In order to continuously improve the individualized treatment for this group of patients, the next work will focus on analyzing the effect of postoperative radiotherapy on different subgroups of patients, analyzing and searching for factors that may benefit from postoperative radiotherapy, and using this as a basis to screen high-risk patients to receive postoperative radiotherapy, while enabling low-risk patients to avoid overtreatment. To further clarify the value of postoperative radiotherapy for resectable stage IIIA (N2) NSCLC, the Department of Radiotherapy of our hospital has taken the lead in organizing and initiating a large-scale national multicenter randomized controlled phase III study, and the subject is progressing well. This study will further enrich the evidence of postoperative radiotherapy for resectable stage IIIA (N2) NSCLC and promote and improve the individualized treatment of lung cancer.
Radiotherapy techniques
CT simulated positioning
The patient is generally positioned in the supine position with the patient’s arms crossed over the elbows and raised in front of the forehead, and is immobilized with a body shield or vacuum pad. Four-dimensional CT or positron emission tomography (PET)-CT localization is recommended.
If not available, CT simulation is preceded by measurement of the mobility of the lesion area in the up-and-down, anterior-posterior, and left-right directions under fluoroscopy of the simulator as reference data for the planned target volume (PTV). Enhanced CT scans are recommended, ranging from supraclavicular, lung and mediastinum, and upper abdomen to the level of the adrenal glands.

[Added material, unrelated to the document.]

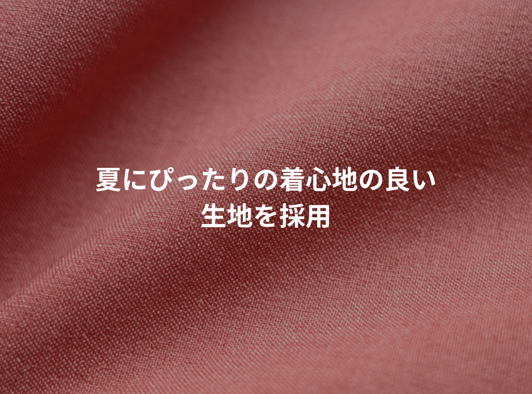 ポリエステル100%のReflax®の生地。リネンような凹凸があるので肌触りもサラッとしていて、汗をかいてもベタつかないので夏の暑い時期に使いやすいです。
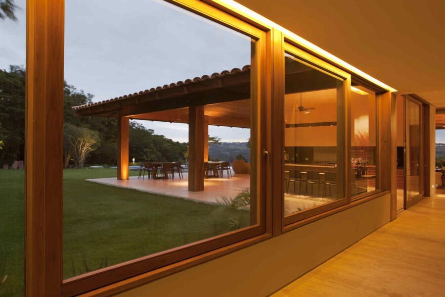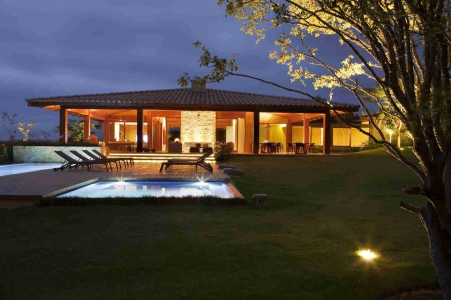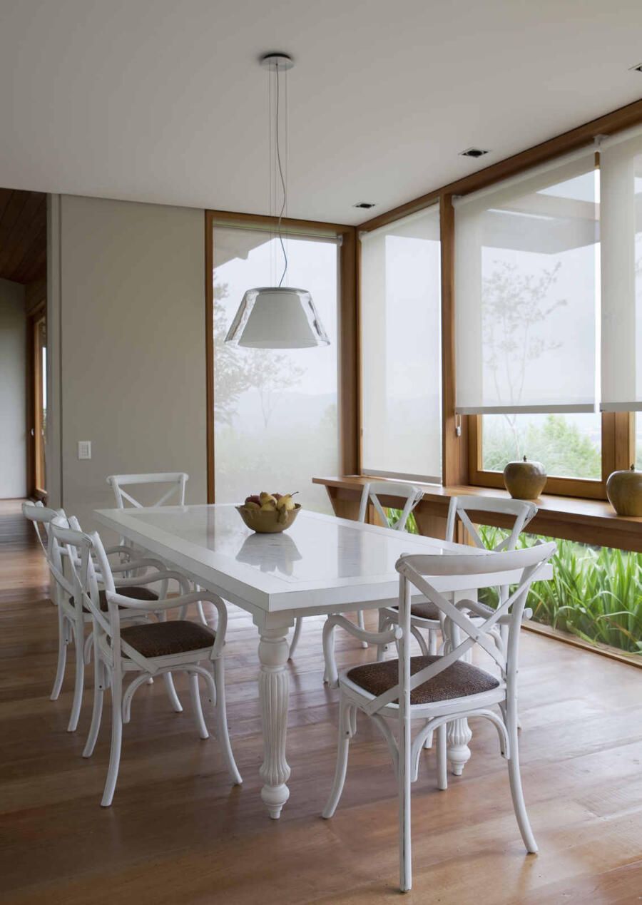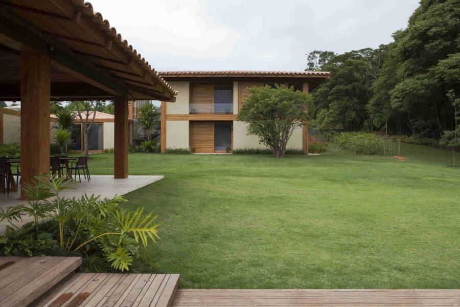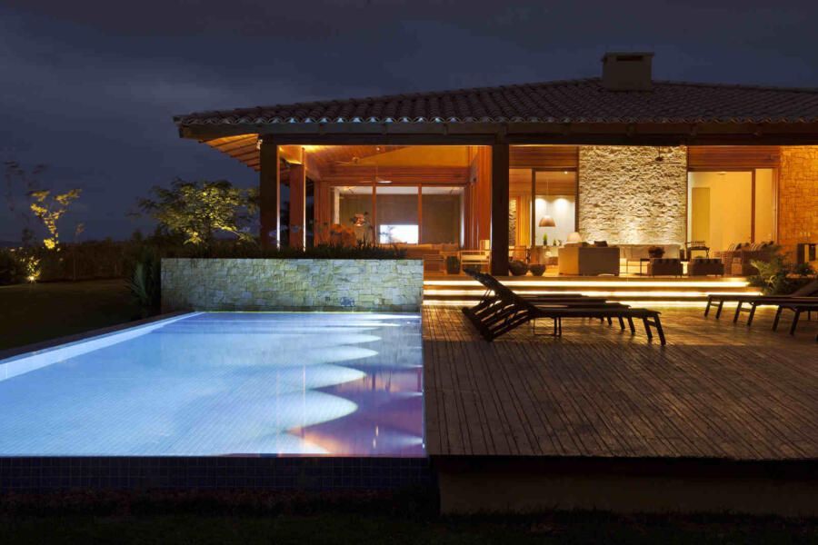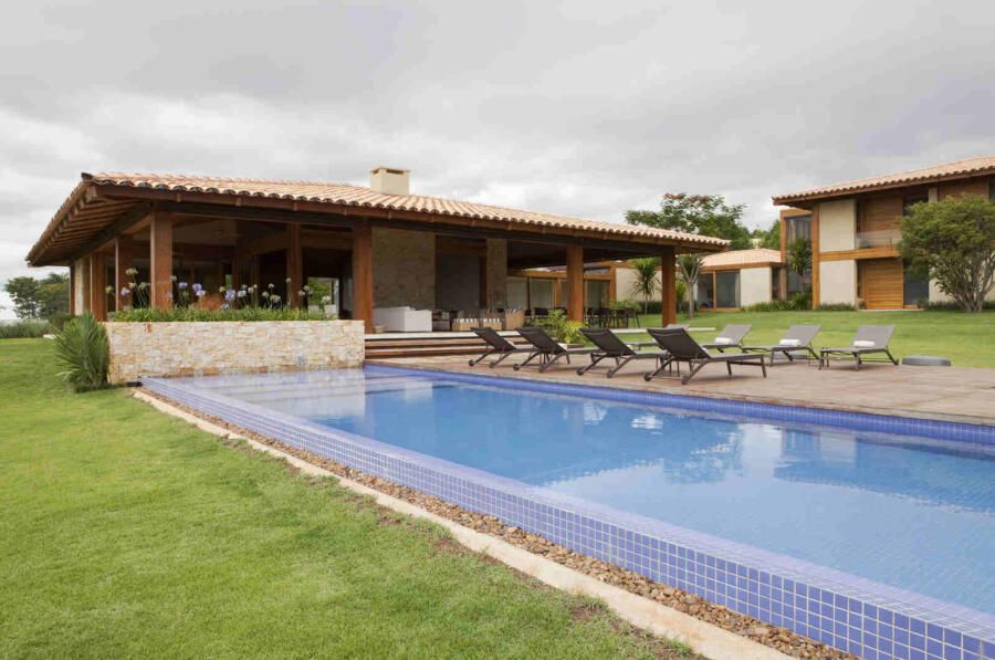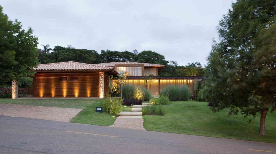 “Materiais que se integram facilmente a natureza foram predominantes no projeto, mantendo o clima de casa de campo. Há madeira nos caixilhos e revestimentos, pedras naturais na fachada, telhas de barro e muito vidro para dar transparência e conectar as áreas internas com áreas externas.”

Target area outline and radiotherapy plan
The gross tumor target volume (GTV) includes the extent of intrapulmonary tumor seen in the lung window and the extent of mediastinal involvement seen in the mediastinal window. The burr margins of the lesion should be included in the GTV, which is recommended to be divided into GTVp (primary tumor) and GTVnd (metastatic lymph nodes).
The clinical target volume (CTV) is 6 mm external to GTVp for squamous carcinoma and 8 mm external to GTVp for adenocarcinoma. External radiation to the GTVnd area should include the draining area of the involved lymph nodes, and selective prophylactic irradiation of the lymphatic drainage area is not performed; the CTV should not extend beyond the anatomical boundary unless there is a definite presence of external invasion. The CTV after radical surgery includes mainly the surgical stump, the ipsilateral hilum, the ipsilateral mediastinum, and the area of the inferior bulbar lymph nodes.
The PTV is the CTV plus the range of motion of the tumor and the positional error, which is usually 5-10 mm.
3D-CRT or IMRT is recommended, with radical radiotherapy or radiotherapy doses of 60-70 Gy and postoperative radiotherapy doses of 50-60 Gy. The normal tissue limits are shown in the table. Recommended concurrent chemotherapy PE regimen: cisplatin 50 mg/m2 on days 1, 8, 29, and 36 and etoposide 50 mg/m2 on days 1 to 5 and 29 to 33.